Les astrologues n'avaient garde de rechercher une précision
qui aurait rendu leur art impraticable ; et ceux qui les consultaient, curieux
qu'on leur dît l'avenir, étaient contents, pourvu qu'on leur prédît quelque
chose
Condillac
– Traité des systèmes. (1749) ch. 5
(N.B. « Qu’on leur dît » :
subjonctif imparfait. Voilà ce qu’on ne dit plus justement parce que la
concordance des temps, ça fait longtemps qu’on s’en moque. On cite à ce propos
Corneille : « Julie: - Que
voulez-vous qu'il fît contre trois? Le
vieil Horace: - Qu'il mourût! »
Alors moi, j’attends de notre Nouveau-Président des mesures
énergiques et radicales pour restaurer le respect de la concordance des temps)
o-o-o
Au fond la crédulité n’est autre qu’un mécanisme qui nous
garantit le plaisir là où précisément il devrait faire défaut. Voilà une
généralité, un préalable qui encourage à la lecture de la suite de cette
citation.
Maintenant, venons-en à application de ce principe à propos
des astrologues. Le désir auquel ils doivent répondre est de faire connaître l’avenir, mais sans
forcément donner une certitude à propos
de son contenu. Disons-le autrement : ils ont à nous révéler que l’avenir
est déjà déterminé, sans pouvoir, avec une clarté absolue, soulever le voile qui
en cache le contenu.
Et pourquoi cela ? Si l’on veut avoir la certitude que
l’avenir est déjà écrit, c’est afin que nous n’ayons nul effort pour le faire
advenir, ni même de lutter pour avoir ce qu’on en espère. Comme on dit
parfois : « C’est écrit dans le
ciel ! », et à quoi bon se battre alors ? Qu’il soit bon ou
mauvais, l’avenir sera ce qu’il doit être sans que nos efforts ni nos prières
ne puissent y changer quelque chose.
Ce fatalisme est très répandu, au point qu’on le devine
corrélé à une conception générale de l’action et non à une religion ou une
idéologie particulière. Les stoïciens l’ont très bien montré : les choses
se produisent de façon nécessaire sans que nous n’y puissions rien
changer : tel est le destin (1). Du coup notre sagesse consistera à
comprendre cette nécessité et à faire advenir en nous ce que seule notre
liberté peut produire : la sagesse et la vertu.
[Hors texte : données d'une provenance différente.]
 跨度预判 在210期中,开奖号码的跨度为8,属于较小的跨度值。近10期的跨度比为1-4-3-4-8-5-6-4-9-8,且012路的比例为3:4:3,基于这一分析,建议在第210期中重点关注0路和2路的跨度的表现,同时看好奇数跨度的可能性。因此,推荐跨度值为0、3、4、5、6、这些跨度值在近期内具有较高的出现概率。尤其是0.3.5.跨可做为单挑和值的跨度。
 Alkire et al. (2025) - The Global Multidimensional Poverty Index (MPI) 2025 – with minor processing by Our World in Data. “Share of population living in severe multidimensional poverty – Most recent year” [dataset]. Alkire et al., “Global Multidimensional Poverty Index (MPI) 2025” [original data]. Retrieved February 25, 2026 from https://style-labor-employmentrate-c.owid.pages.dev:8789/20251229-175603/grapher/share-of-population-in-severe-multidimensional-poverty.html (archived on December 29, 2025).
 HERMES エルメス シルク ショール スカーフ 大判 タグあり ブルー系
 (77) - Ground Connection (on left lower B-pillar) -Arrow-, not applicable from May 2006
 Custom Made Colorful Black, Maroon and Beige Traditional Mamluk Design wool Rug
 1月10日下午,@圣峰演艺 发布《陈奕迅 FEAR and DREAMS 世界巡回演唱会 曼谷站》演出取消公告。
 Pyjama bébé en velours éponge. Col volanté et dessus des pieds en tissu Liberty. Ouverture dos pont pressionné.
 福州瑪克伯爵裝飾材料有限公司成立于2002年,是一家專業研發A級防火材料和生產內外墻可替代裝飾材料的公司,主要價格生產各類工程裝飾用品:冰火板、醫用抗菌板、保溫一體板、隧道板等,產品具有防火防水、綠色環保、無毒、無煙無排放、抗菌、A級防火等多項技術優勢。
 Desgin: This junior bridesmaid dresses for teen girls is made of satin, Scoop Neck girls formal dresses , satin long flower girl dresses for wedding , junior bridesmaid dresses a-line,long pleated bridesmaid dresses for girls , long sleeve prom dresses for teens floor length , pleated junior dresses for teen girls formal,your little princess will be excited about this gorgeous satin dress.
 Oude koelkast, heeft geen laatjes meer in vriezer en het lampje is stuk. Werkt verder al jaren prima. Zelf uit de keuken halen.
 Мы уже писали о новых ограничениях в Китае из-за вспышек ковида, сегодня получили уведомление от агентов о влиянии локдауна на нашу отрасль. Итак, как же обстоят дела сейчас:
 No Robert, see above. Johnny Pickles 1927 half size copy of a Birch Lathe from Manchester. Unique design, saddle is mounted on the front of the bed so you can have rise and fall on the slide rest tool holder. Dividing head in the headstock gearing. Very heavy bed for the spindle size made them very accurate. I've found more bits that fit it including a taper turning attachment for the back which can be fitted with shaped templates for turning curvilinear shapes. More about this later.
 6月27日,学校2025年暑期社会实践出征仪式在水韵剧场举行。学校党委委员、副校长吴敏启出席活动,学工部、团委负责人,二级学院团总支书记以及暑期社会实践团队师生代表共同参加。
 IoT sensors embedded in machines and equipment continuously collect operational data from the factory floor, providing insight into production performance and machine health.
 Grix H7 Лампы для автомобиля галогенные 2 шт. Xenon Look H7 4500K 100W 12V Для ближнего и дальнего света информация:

De nos jours, espérer que l’avenir soit déjà écrit, c’est très
mal vu : on considère cela comme une paresse morale, voire même physique,
consistant à rester inactif le jour durant, se limitant éventuellement à faire
brûler des cierges pour obtenir comme une faveur que le destin nous soit
favorable. Ce qui fait que si nous pouvons infléchir le destin en notre faveur,
l’échec, comme la réussite, devient significatif. Le jeune paresseux qui va
louper son bac en juin va passer pour celui qui n’a pas eu la vertu
nécessaire pour obtenir des Dieux un geste favorable…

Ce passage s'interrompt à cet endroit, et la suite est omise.